- **REQUIRED ACTION**
In the copy, include exactly the lines from the one with "1、先打开我们的嵊州信息港平" through the end of the data and no others, both ends kept, with every picture left out.

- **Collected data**
=======

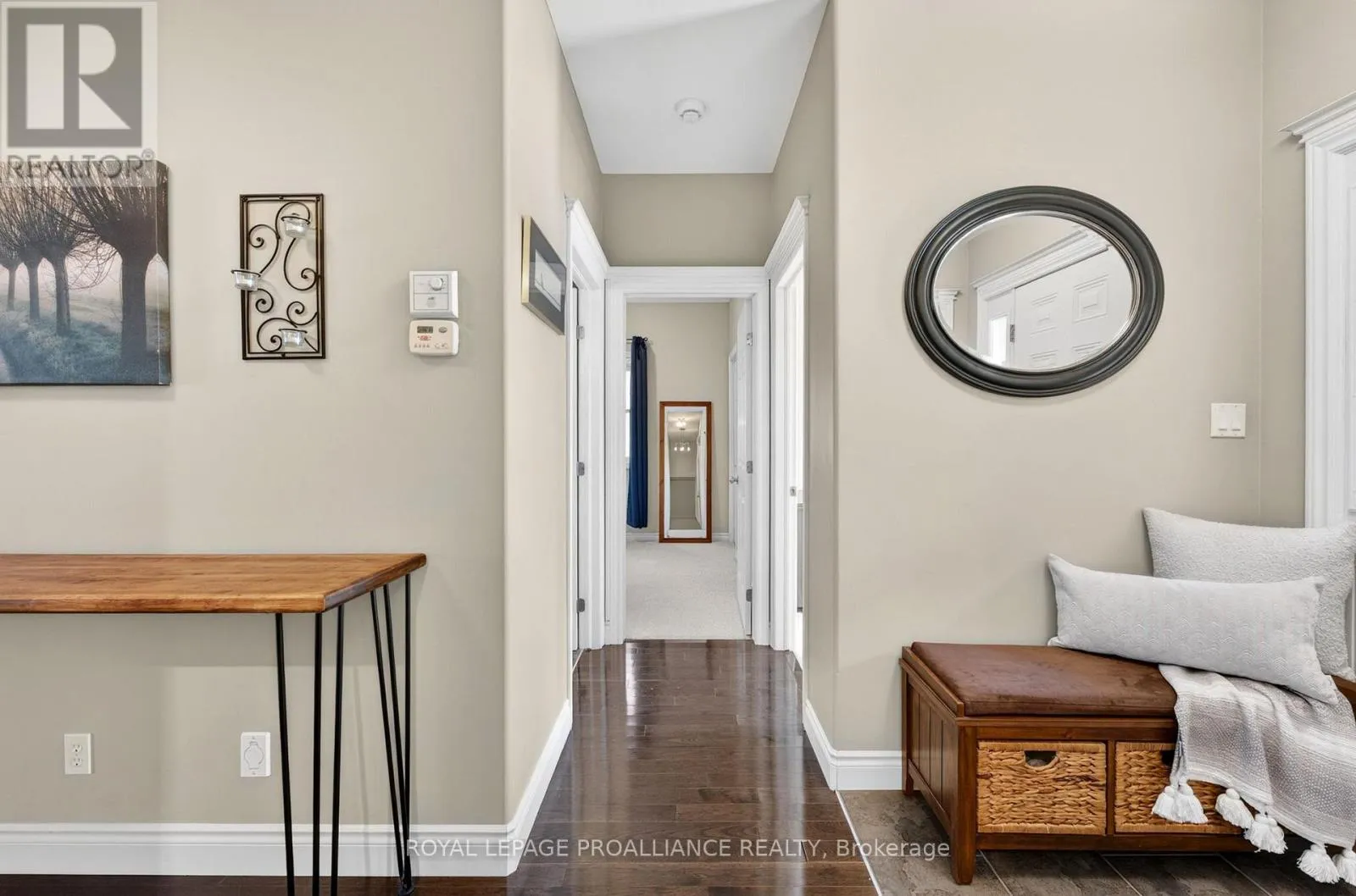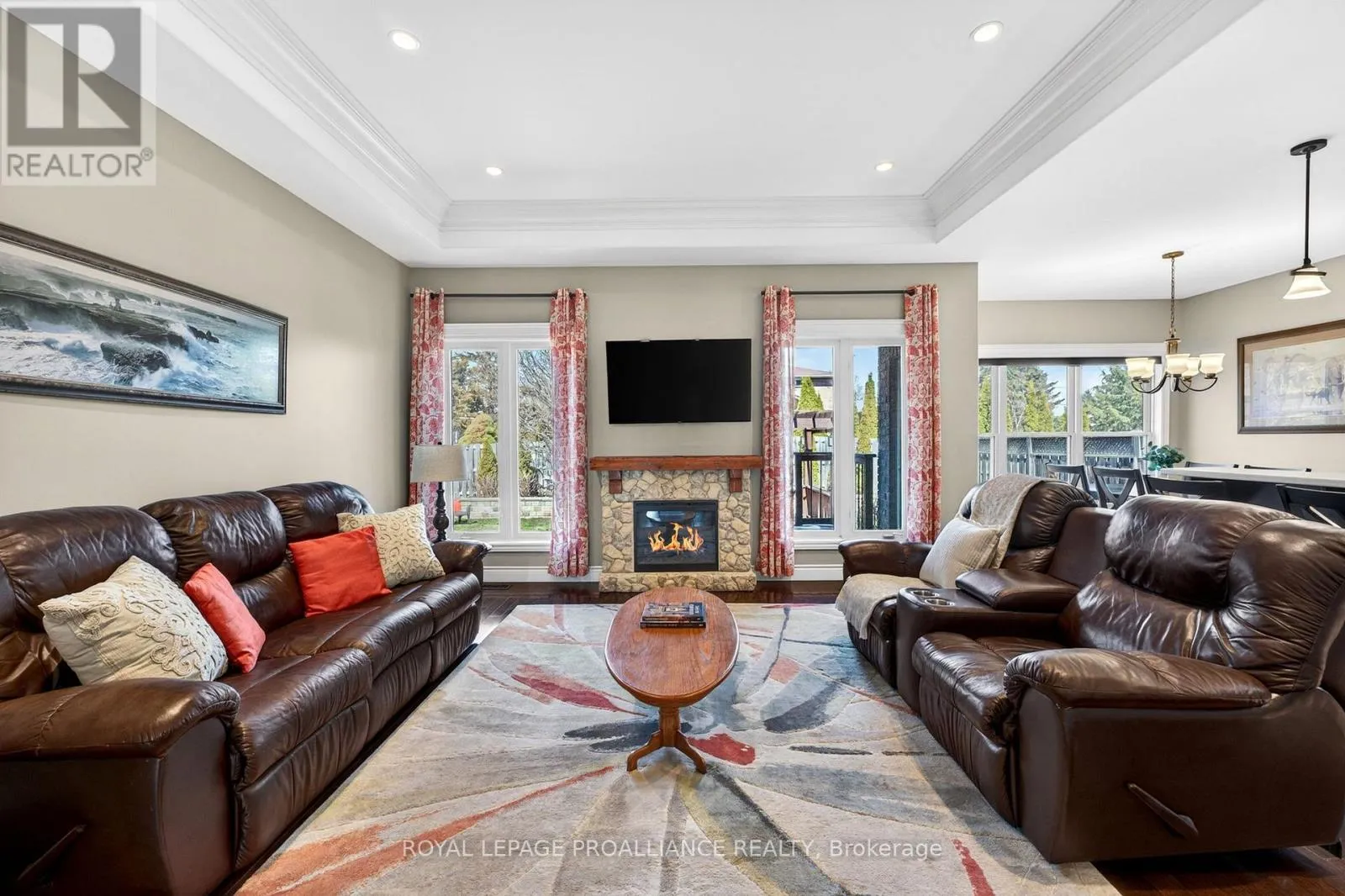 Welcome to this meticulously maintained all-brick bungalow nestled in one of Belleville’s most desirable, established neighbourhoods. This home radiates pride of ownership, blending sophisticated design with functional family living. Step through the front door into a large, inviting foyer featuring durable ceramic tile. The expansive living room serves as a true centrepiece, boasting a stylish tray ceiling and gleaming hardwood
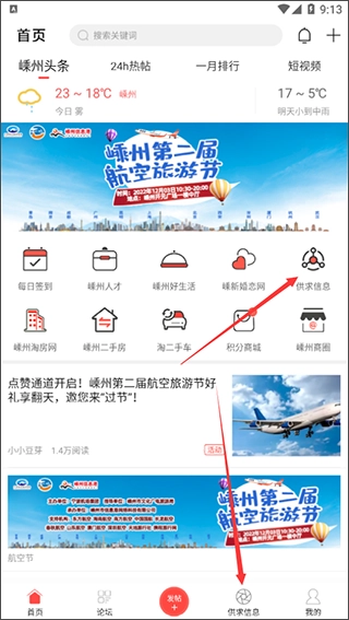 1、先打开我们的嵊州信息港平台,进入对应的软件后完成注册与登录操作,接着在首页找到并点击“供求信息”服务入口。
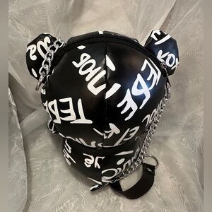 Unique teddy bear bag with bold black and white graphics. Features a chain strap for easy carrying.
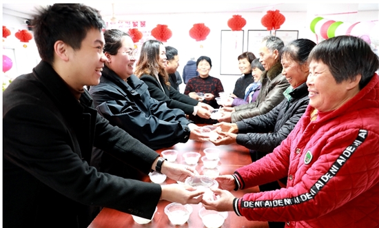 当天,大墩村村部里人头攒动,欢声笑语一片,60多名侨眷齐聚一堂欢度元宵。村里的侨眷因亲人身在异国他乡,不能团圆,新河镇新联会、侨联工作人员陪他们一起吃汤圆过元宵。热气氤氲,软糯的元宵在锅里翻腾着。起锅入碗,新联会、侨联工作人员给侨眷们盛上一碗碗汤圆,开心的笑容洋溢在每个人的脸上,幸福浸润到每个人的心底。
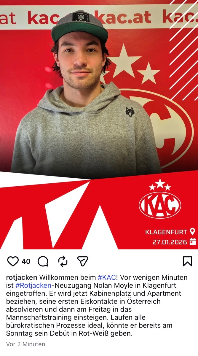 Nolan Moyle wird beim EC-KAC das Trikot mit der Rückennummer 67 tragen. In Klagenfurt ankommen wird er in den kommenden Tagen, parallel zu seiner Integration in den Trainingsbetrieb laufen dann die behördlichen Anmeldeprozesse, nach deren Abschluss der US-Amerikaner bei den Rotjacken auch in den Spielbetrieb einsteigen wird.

=======

- **RESPONSE AREA**
 1、先打开我们的嵊州信息港平台,进入对应的软件后完成注册与登录操作,接着在首页找到并点击“供求信息”服务入口。
 Unique teddy bear bag with bold black and white graphics. Features a chain strap for easy carrying.
 当天,大墩村村部里人头攒动,欢声笑语一片,60多名侨眷齐聚一堂欢度元宵。村里的侨眷因亲人身在异国他乡,不能团圆,新河镇新联会、侨联工作人员陪他们一起吃汤圆过元宵。热气氤氲,软糯的元宵在锅里翻腾着。起锅入碗,新联会、侨联工作人员给侨眷们盛上一碗碗汤圆,开心的笑容洋溢在每个人的脸上,幸福浸润到每个人的心底。
 Nolan Moyle wird beim EC-KAC das Trikot mit der Rückennummer 67 tragen. In Klagenfurt ankommen wird er in den kommenden Tagen, parallel zu seiner Integration in den Trainingsbetrieb laufen dann die behördlichen Anmeldeprozesse, nach deren Abschluss der US-Amerikaner bei den Rotjacken auch in den Spielbetrieb einsteigen wird.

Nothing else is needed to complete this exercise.